Furthermore it is difficult to scale the human experience in our limited life duration to the whole of history and evolution of time scales we can not contemplate experientially, hence our logical thinking is trapped into 'foolish extrapolation'. Last there is the challenge of the Johari window: you don't know what you don't know.
So the question about the 'meaning of life' bounces off on the limitations of our human faculties and the framework within which the questions are asked, which is necessarily human and limited, and unable to answer the question .. given the fact some higher form of intelligence than human must have created in some way all that is there (irrespective if you fill that in from a perspective of mineral science or religion).
Hence, the question of Meaning of Life, central to philosophy across the ages, cannot really be answered in a living, thinking and operating framework, a worldview that is coupled loose from nature, the cosmos, mankind as a whole .. and that does not have a teleological cosmogony: a framework or model for the coming into-existance of the cosmos and mankind, and it’s purpose at all levels.
The universal depth and richness of this question is that it really asks the question not of what you deem important for your own selfish agenda in this incarnation, but how things stand for the whole of life and the evolution of nature and mankind.
We can distinguish two types of worldviews from which to consider the question:
- the mineral and material reality 'only' perspective .. which has difficulty with, or can be shown to not be able to deliver a teleological cosmogony
- the spiritual worldview that includes/encompasses the above and is a meta-representation at a level above
Observe: the contemporary buzzword ‘the matrix’ seems a modern term for 'Maya' as an illusionary world of sensory perception in a material world.
Answering the question
This topic page is more about the question itself, than about the answer. That answer is given by the whole body of knowledge of spiritual science and philosophy and your own study and contemplation of it.

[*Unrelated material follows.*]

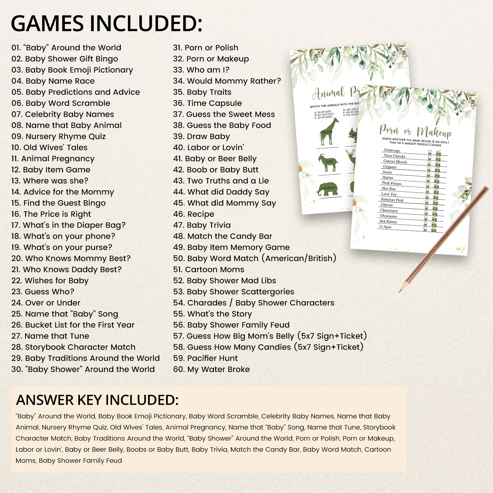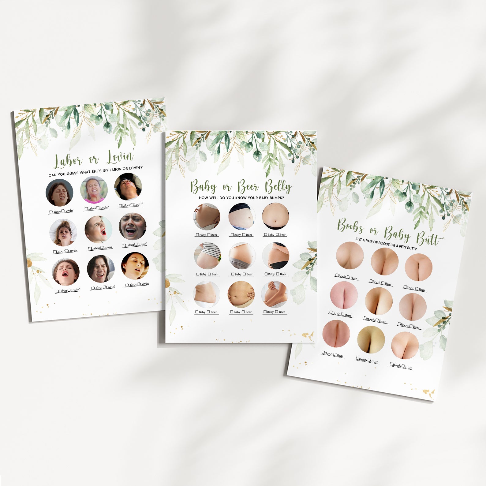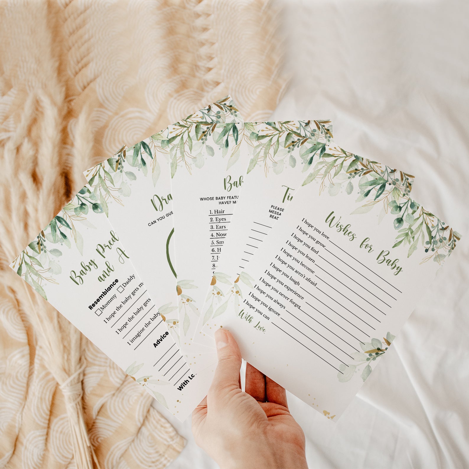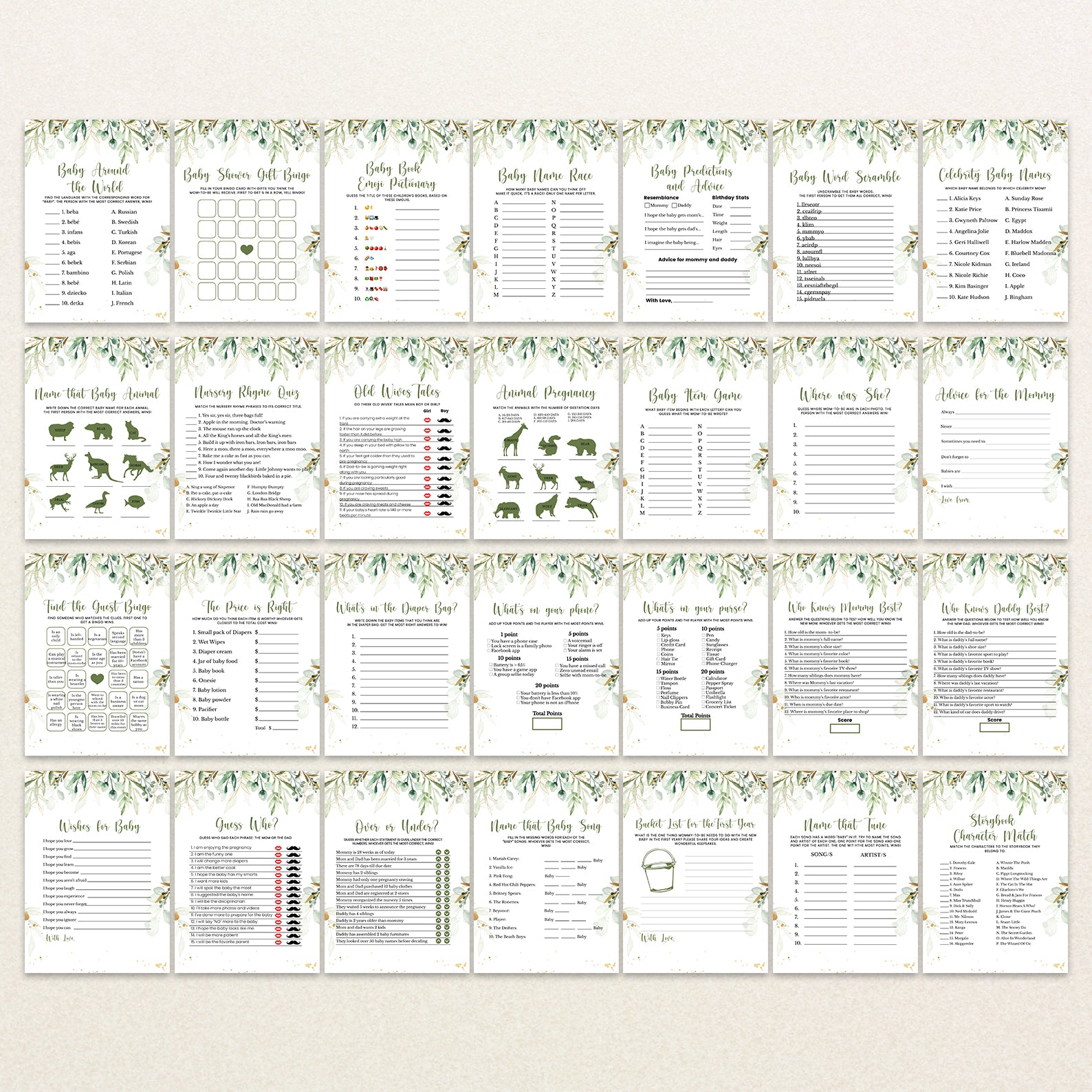 Keep your guests entertained with our green and gold baby shower game bundle! Featuring a chic leafy design with golden accents, this set includes 60 editable baby shower games for endless fun. From classics like Baby Bingo to unique favorites, there’s something for everyone to enjoy. Simple to customize and print, this bundle adds interactive excitement to your party while keeping the theme beautifully consistent.

The view that this site documents is the following. It is not easy to write short condensed statements, but still a worthwhile exercice. You are invited to try, your attempts are welcome and can be added here.
Short statement 1
Man is the tenth hierarchy of spiritual beings in a spiritual cosmos where creation, stemming from the Logoi principles, already put the evolution of no less than nine classes of higher spiritual beings in motion. That whole dynamic is ever evolving as all spiritual entities are ever-evolving and intertwined rather than separate. So Man also is part of that whole and cannot be seen as separate. And the plan and 'meaning of life' for mankind find its origin with these higher spiritual beings who have created the cosmos we know in order to support Man in that development. Man is placed in creation as a free being to co-create the future, we can coin that as Free Man Creator.
The evolutionary goal of Man is to become a spiritual being that can create based on freedom of choice, and out of pure love. In other words mankind will evolve to become gods, to sacrifice the own being for the creation of new worlds. That is a long way off though ;). Currently mankind is at the stage of just having received self-consciousness and freedom on Earth, and now in a battle between good and evil in order to ascent and spiritualize its lower beings into spiritual principles, in short become a spiritual being. This spiritualization of Man, to become a spiritual being functioning on the basis of love, will only be realized in the next three planetary stages of our solar system. Just as where we have arrived today is the result of three previous planetary stages.